I wait a bit longer, and David gives me the final report, 《Well, I got them to avoid accepting. Barely. It was a narrow vote, though. Try not to delay too long, eh?》

I chuckle back, 《Hope springs eternal. I figure on hitting them when they actually engage. I want my opponents viscerally frightened about what I can pull off when I'm angry - and for that, they need to fear what I end for them.》

《They already do. The only real reason they didn't accept now is that most of them think they can run away successfully during the actual fighting, and take much of their riches with them. The cowards.》I roll my eyes at David's words... not that he can see, but it's reflexive.

《They're not dragons,》 is my only reply.

《Definitely not,》David agrees.

We wait… and wait… and wait… I end up covering for Wanda twice so she can drain her milk tanks before they attack...  at dawn, of course.

I was planning on waiting until they actually reached the walls… but I can see and hear ridiculously clearly from here: Guts spilled from arrows, people's skin bubbling as my masers hit them, the screams of the dying… no, just… no. So I make my move at first blood:

《Oscar, it's time.》 He knows what he needs to do. We planned this.

While he works, I cast Mythic Time Stop, to give myself hours to do my portion of this mess.  Technically, it doesn't stop time: It speeds me up to the point where everything else seems to be stopped… but generally, the distinction is petty. It prevents me from doing things to people directly while it's running… but I can do anything to the terrain or myself, and can engage in summoning.

Things are a lot quieter now. Completely quiet. I'd probably be able to hear my heartbeat, if I had one. But I know what I need to do: I start by casting Superior Invisibility on myself (it’s from the Spell Compendium: Invisibility, but also works against other senses, AND beats See Invisibility, Glitterdust, Faerie Fire, and Invisibility Purge, AND doesn't end when I attack someone). I also make sure I have both Chain Spell and Wish via my floating feats from spells. I then start making Time Clones of myself: A few hundred of them, and directing them to spread out so the entire enemy army is covered.

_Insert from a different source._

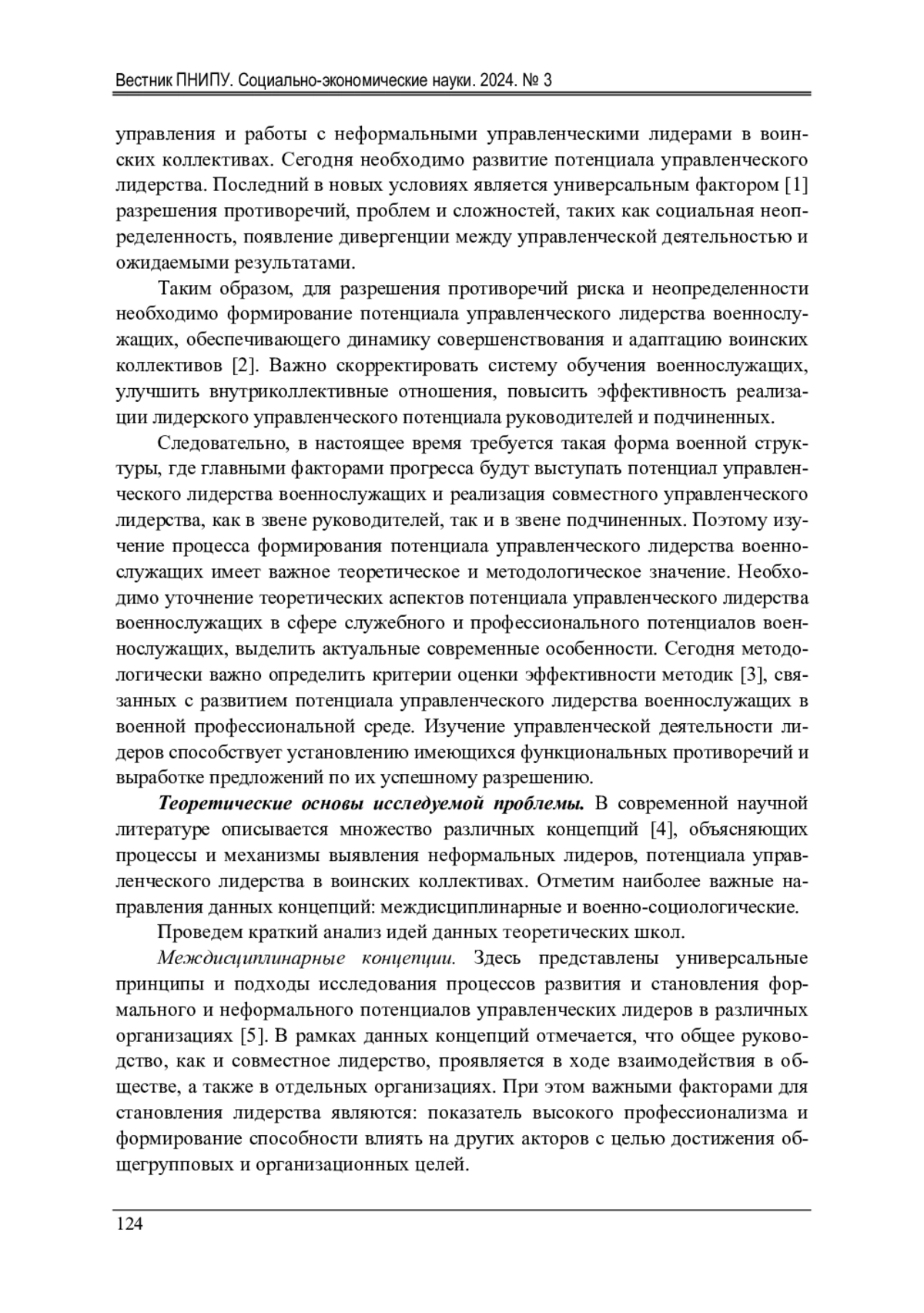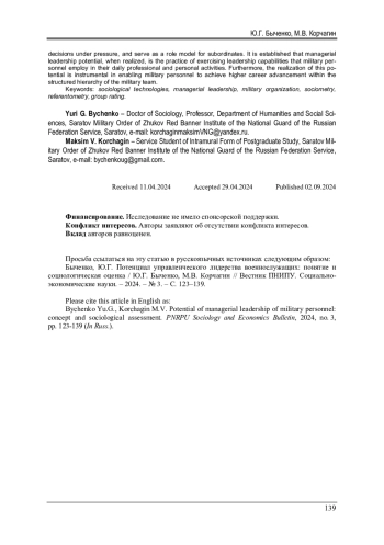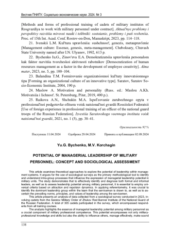 БЫЧЕНКО Ю. Г., КОРЧАГИН М. В. ПОТЕНЦИАЛ УПРАВЛЕНЧЕСКОГО ЛИДЕРСТВА ВОЕННОСЛУЖАЩИХ: ПОНЯТИЕ И СОЦИОЛОГИЧЕСКАЯ ОЦЕНКА // ВЕСТНИК ПЕРМСКОГО НАЦИОНАЛЬНОГО ИССЛЕДОВАТЕЛЬСКОГО ПОЛИТЕХНИЧЕСКОГО УНИВЕРСИТЕТА. СОЦИАЛЬНО-ЭКОНОМИЧЕСКИЕ НАУКИ. 2024. № 3

Once I am satisfied that there's enough of me, I let the Time Stop expire, and have my copies spam Chain Spell and Persistent Spell on Wish for a Chained and Persistent Trap the Soul.  Normally, that's a waste: But Wish makes a nice flex spell if they need something, and I don't pay components anyway. Trap the Soul, despite the name, traps a single target permanently in a gem.  Chain spell means we can hit an extra huge number of people per casting (one per caster level, to a maximum of twenty extra targets, although the secondary targets have a reduced difficulty for making the save), and Persistent Spell means they have to make the save twice to get out of it… and each clone can cast that five times per round, affecting twenty one soldiers per casting… if they're grouped up enough (chain spell comes with a thirty foot limit on secondary targets). They're not usually perfectly dense, of course, and one in four hundred makes both saves.

But I can make an arbitrarily large number of my copies, enough that each soldier can be a target at least twice in the first round after I let time resume. Which means only one in a hundred sixty thousand of the rank and file manage to avoid getting sucked into gemstones… and they don't have that many. In seconds, the field is empty of everyone but the dead and my copies, who deposit the nearly thirty thousand soul gems in my crafting plane.

Of course, I always knew the rank and file soldiers were going to be the easy part.